Diagenesis is not a uniform process. Some remains experience fossilization quickly, and some slowly, depending on the conditions. Specimens that are nly partially fossilized are dubbed "subfossils." These include the skeletal remains of animals that have recently gone extinct, like many species of giant lemurs on Madagascar, some of which were lost within the last 2,000 years (Godfrey et al., 2006). These recent fossils may also preserve DNA, which has been successfully extracted from the remains of subfossil lemurs (Karanth et al., 2005) and Neanderthals (Green et al., 2006).
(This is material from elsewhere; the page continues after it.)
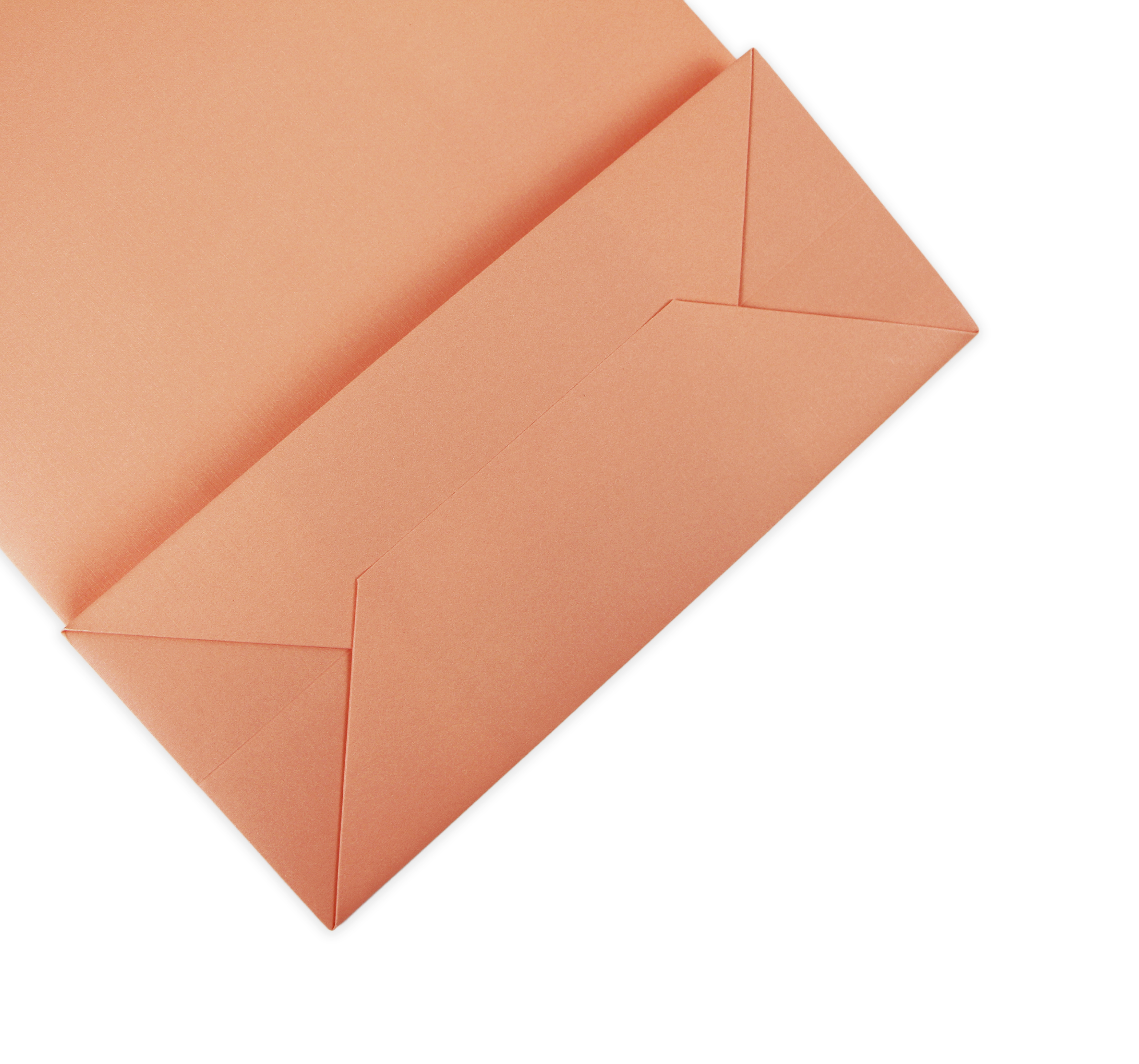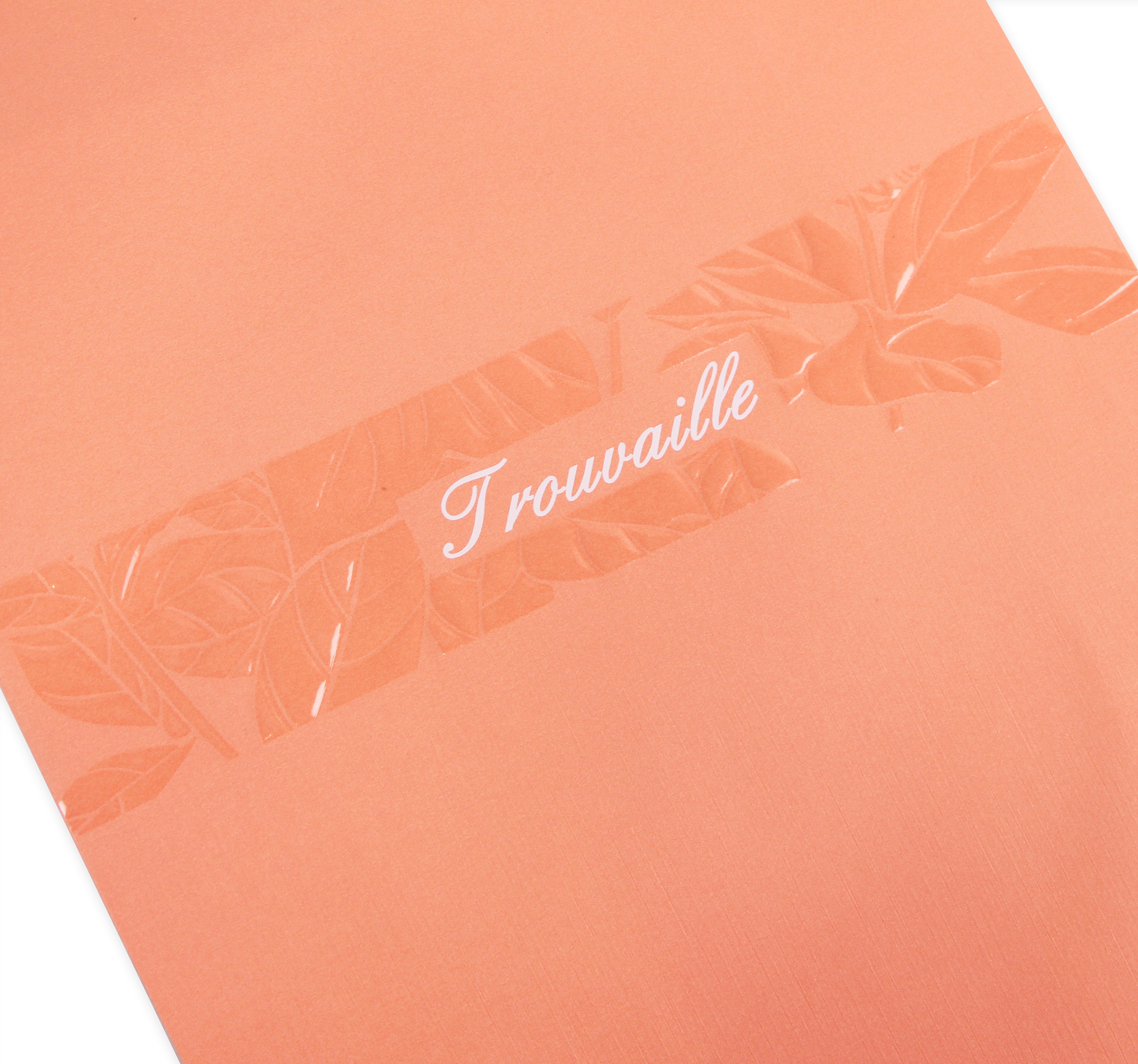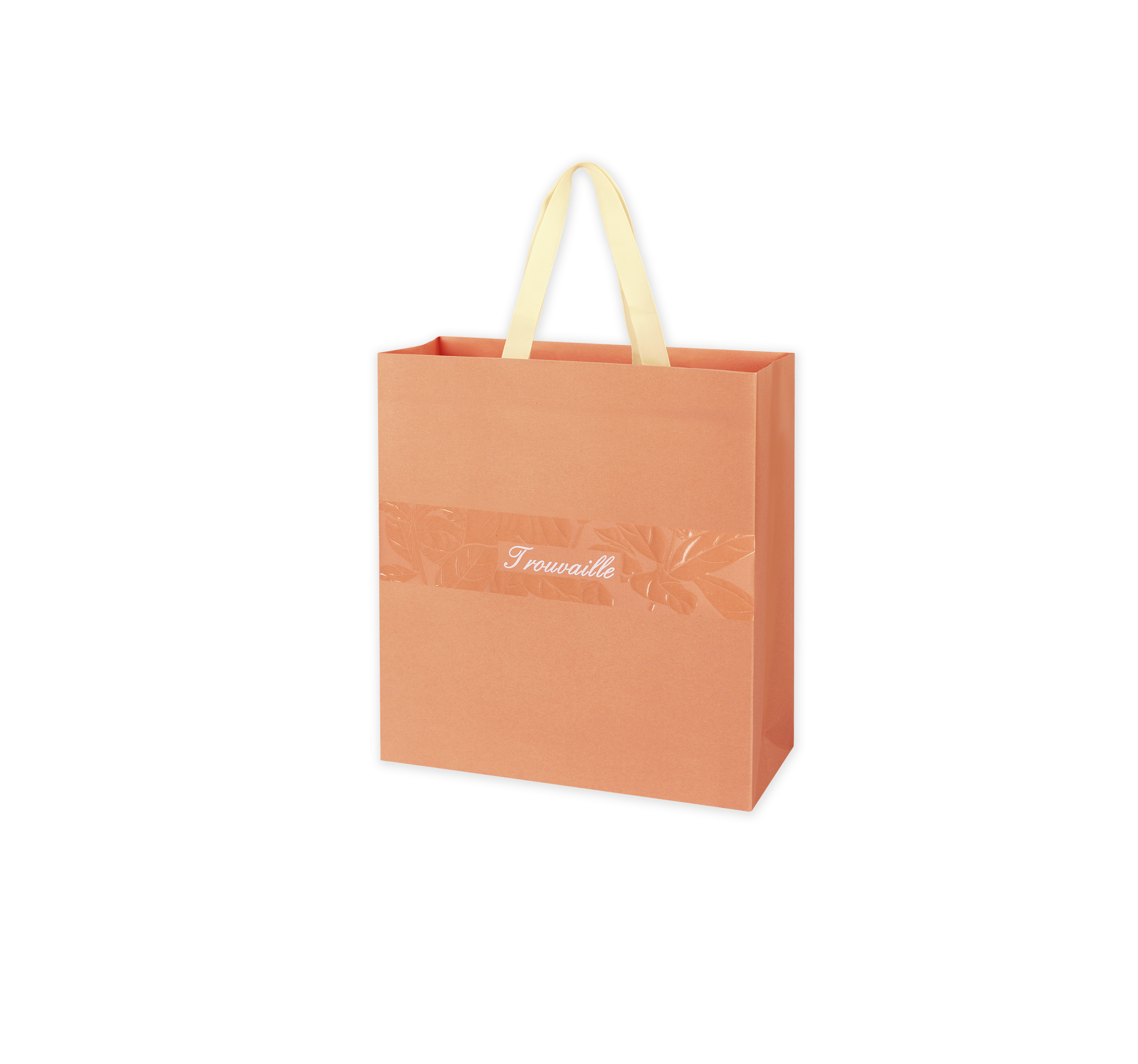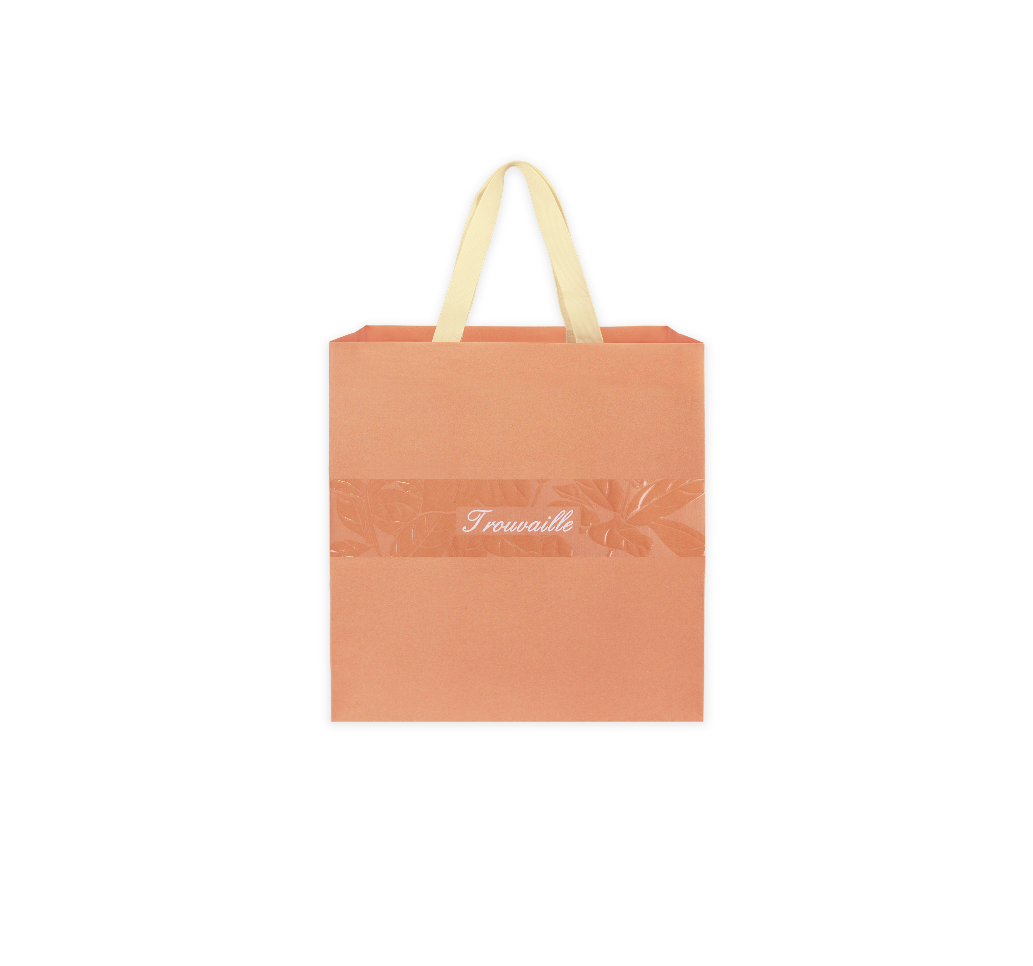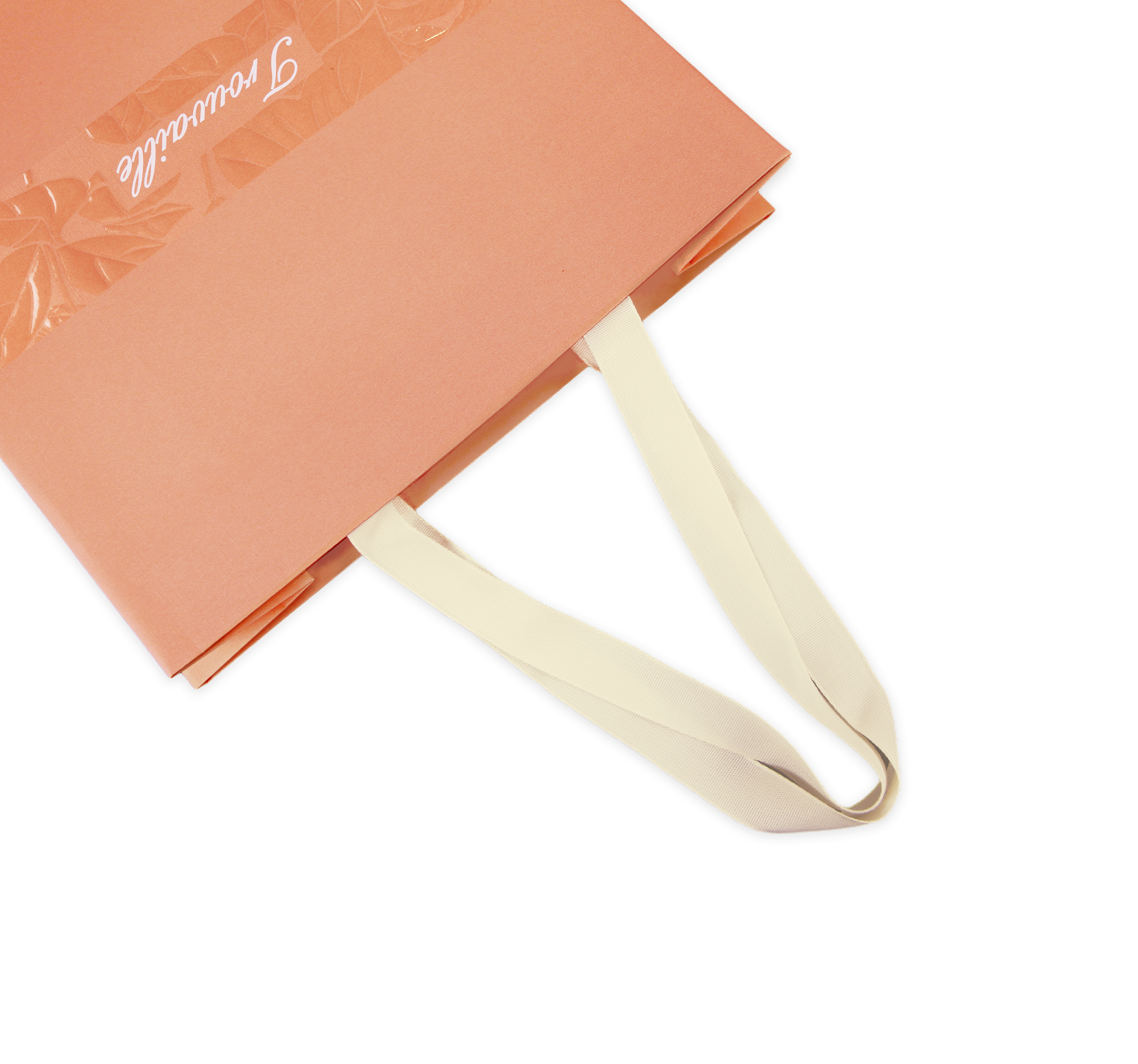 White kraft paper with 40% PCW, premium hot stamp silver logo, paper ribbon glued on top.

Deep, geologic time is absolutely crucial to fossilization (and also to the evolutionary processes revealed by the fossil record). There are tricks for attempting to comprehend deep time like unrolling a long strip of paper and ticking off time intervals over millions of years (e.g. Mr. Croll's strip of paper (Darwin, 1872)); calibrating distances on the globe to match depth of time (Parker, 2011); or animating a few branches of the primate fossil record into a timeline (Dunsworth, 2011). Demonstrations like these reveal the fact that there are more gaps in the fossil record than there are fossils. Earth's evolutionary history includes so many organisms and covers such deep time that it is taking generations upon generations of paleontologists to go out into the field, collect new specimens, and fill in the gaps in the fossil record, a subset of which is the primate fossil record.

5. Discovery

Before undertaking an expedition to collect fossil primates, paleontologists first look to geologic maps of a region to determine if rocks of the right time period are actually present and exposed on the landscape. If they are interested in finding the most ancient fossil apes, like Proconsul, then they look for rocks that have been dated to the early Miocene epoch. If the rocks have not been dated either absolutely or relatively with stratigraphic methods, then prior collections from the region may demonstrate that early Miocene species are present, indicating that Proconsul may be present as well.

Once rocks of the right age are pinpointed on a map, then paleontologists may use Google Earth and aerial photographs or they might visit by airplane, automobile or foot to determine if those rocks are exposed and accessible and free of thick vegetation, agricultural crops, or water cover.

The word “fossil” derives from the Latin verb fodere which means “to dig.” However, one need not always dig in order to find fossils. There are localities such as Koobi Fora in northern Kenya (Figure 5) and Rusinga Island in western Kenya (Figure 6a & 6b) where many fossil primates have been found and where vertebrate fossils litter the ground.

Hiking through Kenya
Figure 5: Hiking through Kenya
Paleoanthropologists and students hike through fossiliferous badlands at Koobi Fora, Kenya where fossil primates belonging to Theropithecus, Australopithecus, Homo, and others have been collected.
Courtesy of Holly Dunsworth. All rights reserved.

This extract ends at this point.